Меня поставили на стульчик, и я начал декламировать. Я был готов ознакомить их со всем своим репертуаром — хвалебными одами Сталину, Красной армии, генералу Буденному, социалистической родине.
С высоты я видел довольное лицо матери и удовлетворенную улыбку отца, который глядел так, будто одобрял мое выступление и разделял с матерью гордость за меня, но, как и меня, его удивляли отсутствующие лица дядей, которые едва понимали, о чем речь в стихотворениях, и выражения лиц кузенов, которые прикрывали рты, чтоб никто не заметил их смеха.
Когда я закончил читать первое стихотворение, меня наградили щедрыми аплодисментами, но когда я затеял декламировать второе, потеряли интерес, зазевали, а затем и вовсе стали громко смеяться, обмениваясь взглядами, значение которых понимал даже я.
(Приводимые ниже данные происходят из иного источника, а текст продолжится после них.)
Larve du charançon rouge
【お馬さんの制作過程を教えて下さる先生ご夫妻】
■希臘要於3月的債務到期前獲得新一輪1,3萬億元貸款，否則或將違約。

Только мать продолжала следить за мной с улыбкой да дяди с вежливой скукой в лицах. До третьего стихотворения дело не дошло, поскольку все вдруг стали расходиться. Кузены сбежали в патио, старшие сдержанно поаплодировали, а отец подошел снять меня со стула и горячо поцеловал меня в макушку.
Он говорил на идиш, но я все равно уловил смысл его слов, произнесенных с пьяной гордостью в голосе:
— Он умненький, мой большевик, разве нет?
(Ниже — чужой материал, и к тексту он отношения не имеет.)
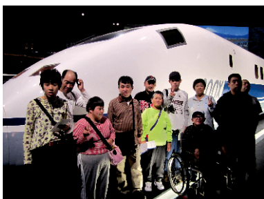
かっこいいリニア・鉄道館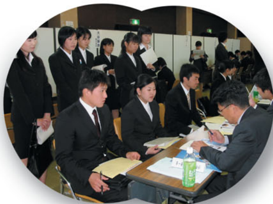
●企業合同説明会（5月12日）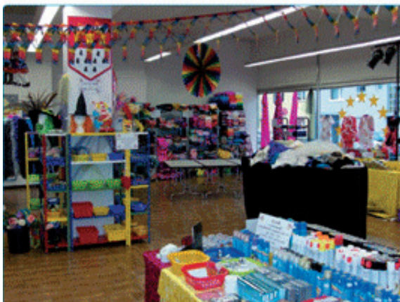
Das ELTERN- und FAMILIENMAGAZIN für den Rhein-Sieg-Kreis

Unsere Kunden erleben die JeckeBud zum shoppen und flanieren, für Beratung und Unterhaltung, für Kreativität und Vielfalt. Als besonderes „JeckeBud-Kamelchen“ finden Sie Rabattcoupons in unserer nebenstehenden Anzeige, mit denen das Einkaufen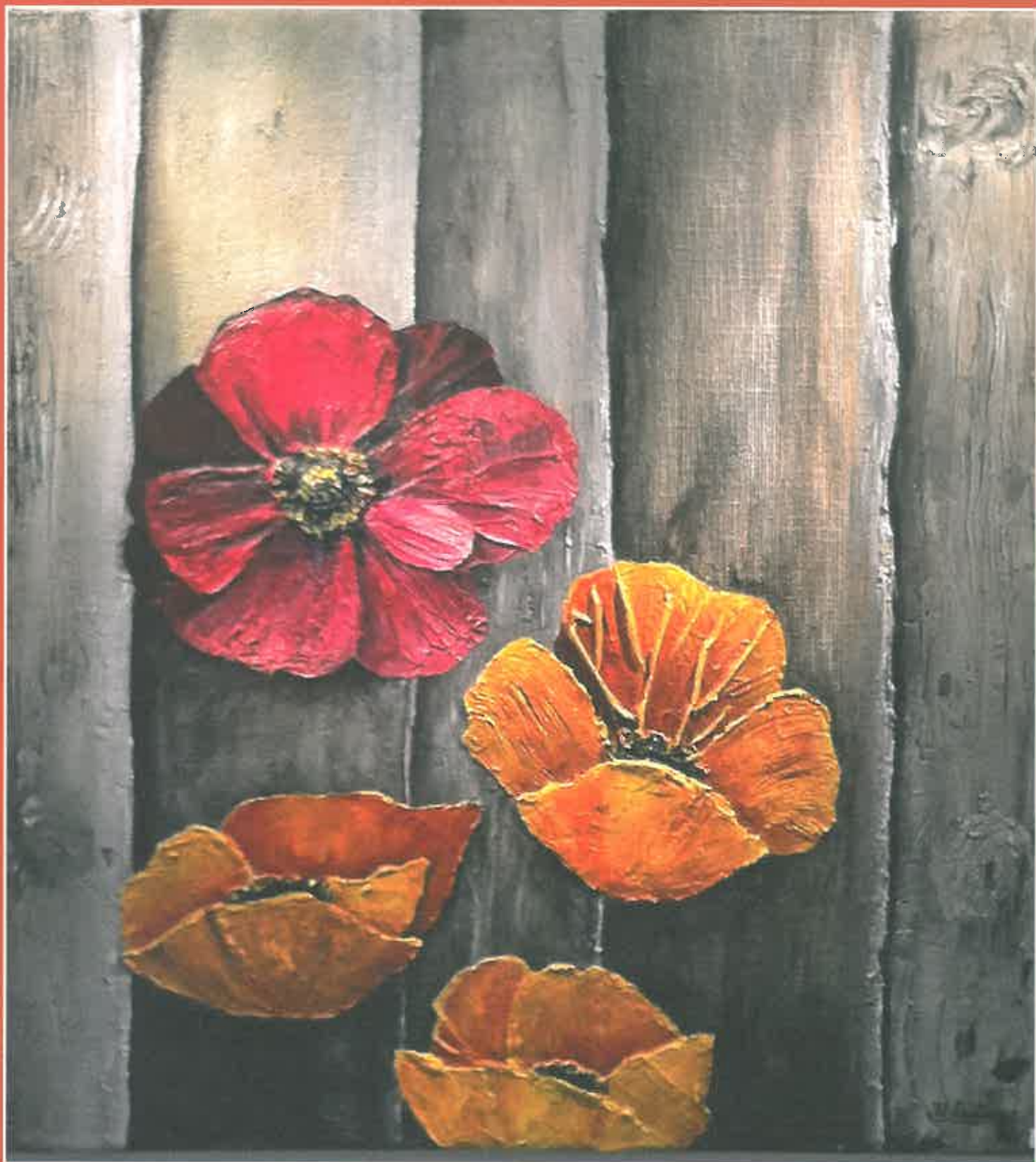
Détail du tableau réalisé par Mme Laffineur, qui a remporté le prix du public lors de l'exposition des artistes locaux au Messti de Lampertheim. Félicitation au peintre talentueux.

Но его энтузиазма никто из окружающих не разделял. Тут я решил воспользоваться его расположением и попросить о том, что занимало все мои мысли с того самого момента, когда я оказался в этой комнате. Я обратился к нему, указывая на деревянную статуэтку, украшавшую стеллаж:
— Папа, можно мне будет взять эту лошадку себе?
— Посмотрим, — коротко ответил он.
— Мне бы очень хотелось забрать ее себе, — настаивал я.
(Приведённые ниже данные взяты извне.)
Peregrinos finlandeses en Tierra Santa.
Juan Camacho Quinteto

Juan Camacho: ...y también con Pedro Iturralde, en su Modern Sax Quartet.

— Сейчас нельзя, — грубо сказал он, не вдаваясь в объяснения.
— Почему нельзя?
Тут же последовал ответ, которого я никак не ожидал. Он злобно глянул на меня, и его слова буквально обожгли меня своей грубостью:
— Потому что я так сказал. И хватит об этом. Ни слова не хочу больше слышать.
— Но…
— Замолкни! — заорал он так, что мне показалось, будто он какое-то чудовище, готовое разорвать меня на части. — Никогда не раскрывай рта, когда тебе велено было замолкнуть! Ты или научишься слушаться, или тебе будет очень плохо. Понял?
Я в страхе молчал.
— Понял ты? — допрашивался он. — Мне нужен ответ.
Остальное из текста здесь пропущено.